ECRA Member Tina Jahnel:
“Our goal is to develop a framework of core principles and enabling priorities for the use and assessment of digital public health interventions that can be useful across diverse digital health interventions and stakeholder groups.”
With the rise of digital health technologies, there are seemingly endless possibilities for new ways to improve public health, specifically health promotion and prevention and to reduce health inequalities through easier access to healthcare. As a result, a plethora of digital technologies developed to improve individual and population health exist today. While digital health technologies have the potential to improve public health, most often their development is driven by technological advances and business opportunities rather than public health challenges and user needs. As such, the planning and assessment of digital health interventions generally do not include public health aspects.
In order to improve the value and impact of digital tools for public health it is important to understand key elements that need to be considered for the development and evaluation of digital health interventions.

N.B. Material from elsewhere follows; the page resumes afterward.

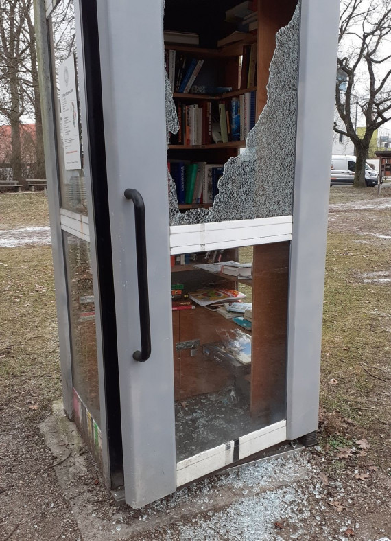 Bei dem Bücherschrank, der in der Grünanlage in der Nähe der Schule steht, handelt es sich um eine ausrangierte Telefonzelle. Die Altstadtfreunde haben sie vor sechs oder sieben Jahren mit viel ehrenamtlichem Engagement umgebaut, der Künstlerkreis hat sie gestaltet. „Es kam dort immer wieder zu Vandalismus, aber so schwer wie jetzt wurde die Telefonzelle noch nie beschädigt“, sagt Pöhlmann. Vermutlich mit einem schweren Gegenstand zertrümmerte der Unbekannte die Frontscheibe aus Verbundglas. Die Scherben verteilten sich dabei rund um den Bücherschrank.

Although data-and technology-driven frameworks and models for the development and evaluation of digital health technologies already exist, a framework from a public health perspective is still missing. Specifically, a comprehensive framework is yet to be developed that takes the complexity of how digital tools can influence health on an individual, organizational and societal level, context in which digital health tools are developed and assessed.
Without a public health perspective including a needs-based approach to digital health technologies, we risk proliferating low-value tools that are ineffective, burdensome and reduce both quality and efficiency of digital health interventions for prevention and health promotion. Further, missing to include the public health perspective into the planning and evaluation of digital health technologies may lead to negative effects on health equity. Thus, a systematic consideration of multiple levels on which digital health interventions operate (e.g., individual, organizational, societal) and the context in which they are embedded in (e.g., geographical, epidemiological, socio-cultural, socio-economic, ethical, legal, technological and political) is needed. Additionally, viewing digital health interventions through a health equity lens we acknowledge their potential for both positive and negative effects on health inequalities.
Drawing on the insights of previous frameworks for the development and evaluation of digital health technologies, our goal is to develop a framework of core principles and enabling priorities for the use and assessment of digital public health interventions that can be useful across diverse digital health interventions and stakeholder groups. Further, we will develop a classification scheme for digital public health tools based on essential public health functions. We acknowledge the ever-evolving digital world and opportunities for new digital health interventions by continually revising the framework as the digital future emerges.